Provided material:
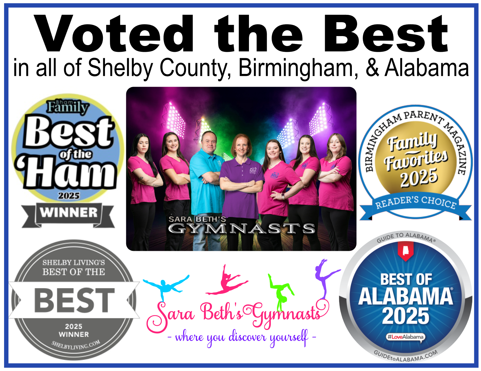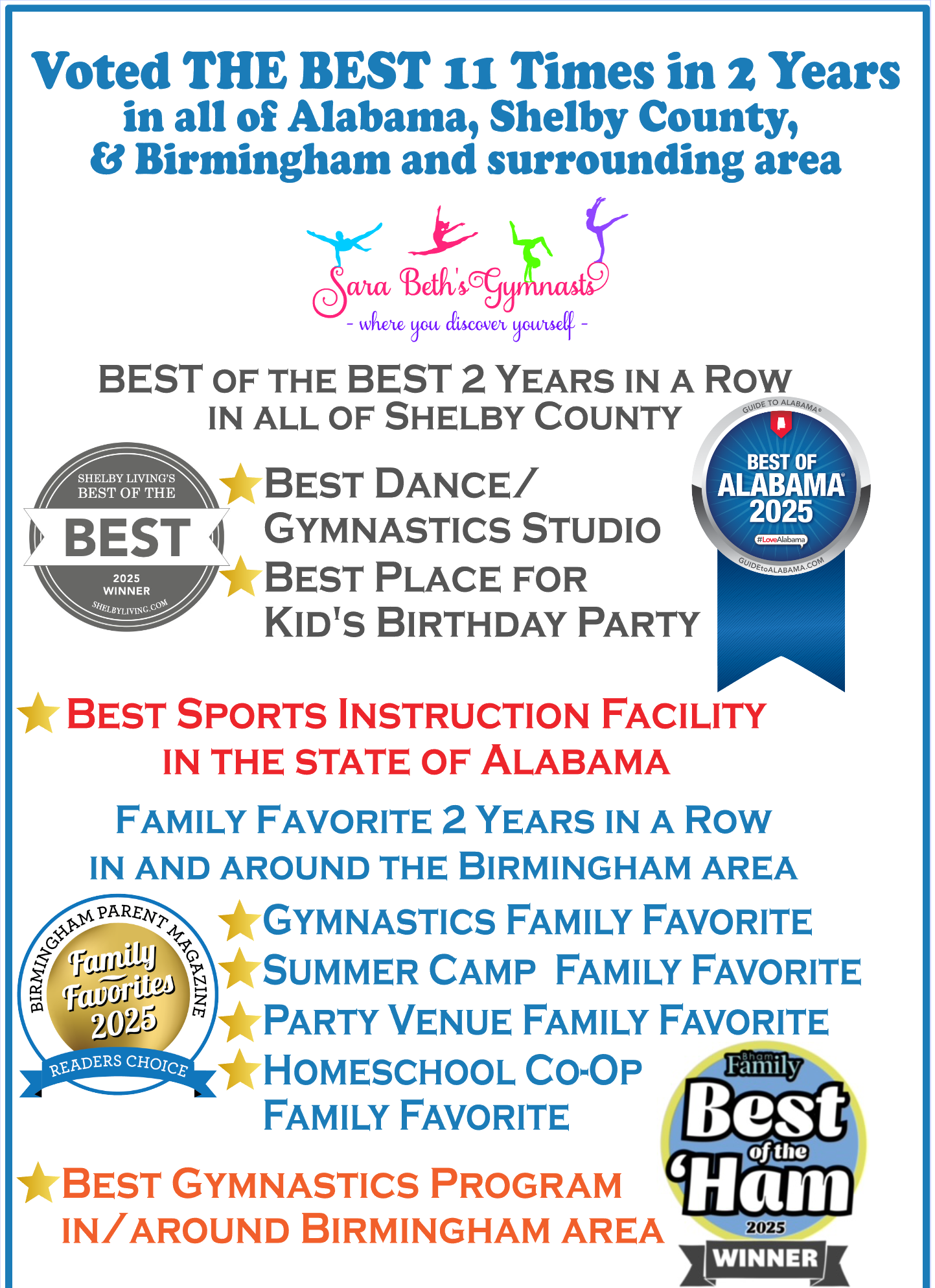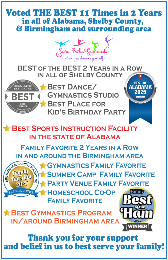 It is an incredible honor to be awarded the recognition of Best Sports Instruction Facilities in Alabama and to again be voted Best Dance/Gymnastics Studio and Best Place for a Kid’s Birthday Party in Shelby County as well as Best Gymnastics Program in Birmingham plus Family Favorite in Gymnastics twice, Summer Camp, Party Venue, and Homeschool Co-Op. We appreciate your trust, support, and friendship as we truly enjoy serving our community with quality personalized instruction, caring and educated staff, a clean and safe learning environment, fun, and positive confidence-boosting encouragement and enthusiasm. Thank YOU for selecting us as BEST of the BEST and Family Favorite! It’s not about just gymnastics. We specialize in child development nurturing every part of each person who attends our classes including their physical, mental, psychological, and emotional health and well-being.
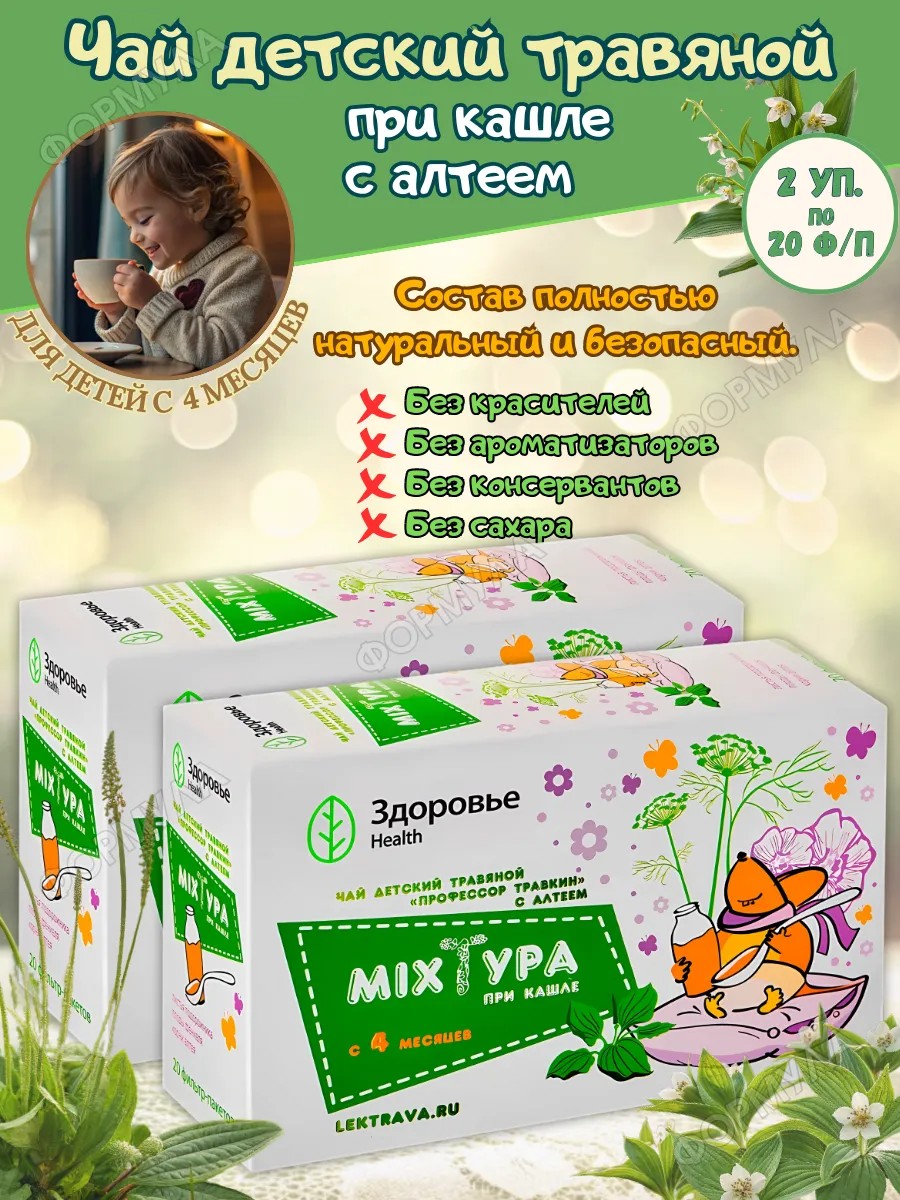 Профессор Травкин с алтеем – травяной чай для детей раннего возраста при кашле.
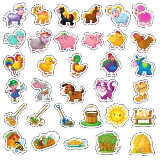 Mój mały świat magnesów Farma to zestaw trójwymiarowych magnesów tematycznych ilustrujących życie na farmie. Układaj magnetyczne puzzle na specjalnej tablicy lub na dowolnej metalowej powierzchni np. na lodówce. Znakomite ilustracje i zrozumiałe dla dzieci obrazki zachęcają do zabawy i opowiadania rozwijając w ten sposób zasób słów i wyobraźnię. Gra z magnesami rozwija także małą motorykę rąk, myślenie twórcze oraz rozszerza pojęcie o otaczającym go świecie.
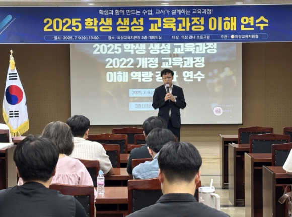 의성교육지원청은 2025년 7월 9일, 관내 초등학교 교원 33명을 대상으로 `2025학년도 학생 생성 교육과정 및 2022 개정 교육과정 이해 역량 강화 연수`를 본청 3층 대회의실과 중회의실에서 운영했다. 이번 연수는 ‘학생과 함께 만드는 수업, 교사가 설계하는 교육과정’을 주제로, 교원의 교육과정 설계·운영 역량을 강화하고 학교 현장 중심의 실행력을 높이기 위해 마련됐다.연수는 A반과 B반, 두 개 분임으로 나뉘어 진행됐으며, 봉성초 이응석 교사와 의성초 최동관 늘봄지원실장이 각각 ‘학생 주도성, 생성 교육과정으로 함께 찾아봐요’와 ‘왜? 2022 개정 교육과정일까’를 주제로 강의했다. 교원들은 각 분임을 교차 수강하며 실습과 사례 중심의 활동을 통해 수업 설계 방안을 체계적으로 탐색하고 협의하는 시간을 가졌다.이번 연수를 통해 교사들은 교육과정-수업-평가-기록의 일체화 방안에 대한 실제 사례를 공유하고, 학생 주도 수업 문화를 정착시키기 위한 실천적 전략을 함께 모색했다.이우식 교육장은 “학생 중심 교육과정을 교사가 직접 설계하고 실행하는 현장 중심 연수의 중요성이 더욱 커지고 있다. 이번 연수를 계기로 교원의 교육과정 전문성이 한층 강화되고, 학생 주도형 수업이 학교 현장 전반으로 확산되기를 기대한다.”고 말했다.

Exercise goal:
Nothing but the lines from the line with "Профессор Травкин с" through the last line of the data above should be printed, exactly as written and without pictures.

Answer box:
 Профессор Травкин с алтеем – травяной чай для детей раннего возраста при кашле.
 Mój mały świat magnesów Farma to zestaw trójwymiarowych magnesów tematycznych ilustrujących życie na farmie. Układaj magnetyczne puzzle na specjalnej tablicy lub na dowolnej metalowej powierzchni np. na lodówce. Znakomite ilustracje i zrozumiałe dla dzieci obrazki zachęcają do zabawy i opowiadania rozwijając w ten sposób zasób słów i wyobraźnię. Gra z magnesami rozwija także małą motorykę rąk, myślenie twórcze oraz rozszerza pojęcie o otaczającym go świecie.
 의성교육지원청은 2025년 7월 9일, 관내 초등학교 교원 33명을 대상으로 `2025학년도 학생 생성 교육과정 및 2022 개정 교육과정 이해 역량 강화 연수`를 본청 3층 대회의실과 중회의실에서 운영했다. 이번 연수는 ‘학생과 함께 만드는 수업, 교사가 설계하는 교육과정’을 주제로, 교원의 교육과정 설계·운영 역량을 강화하고 학교 현장 중심의 실행력을 높이기 위해 마련됐다.연수는 A반과 B반, 두 개 분임으로 나뉘어 진행됐으며, 봉성초 이응석 교사와 의성초 최동관 늘봄지원실장이 각각 ‘학생 주도성, 생성 교육과정으로 함께 찾아봐요’와 ‘왜? 2022 개정 교육과정일까’를 주제로 강의했다. 교원들은 각 분임을 교차 수강하며 실습과 사례 중심의 활동을 통해 수업 설계 방안을 체계적으로 탐색하고 협의하는 시간을 가졌다.이번 연수를 통해 교사들은 교육과정-수업-평가-기록의 일체화 방안에 대한 실제 사례를 공유하고, 학생 주도 수업 문화를 정착시키기 위한 실천적 전략을 함께 모색했다.이우식 교육장은 “학생 중심 교육과정을 교사가 직접 설계하고 실행하는 현장 중심 연수의 중요성이 더욱 커지고 있다. 이번 연수를 계기로 교원의 교육과정 전문성이 한층 강화되고, 학생 주도형 수업이 학교 현장 전반으로 확산되기를 기대한다.”고 말했다.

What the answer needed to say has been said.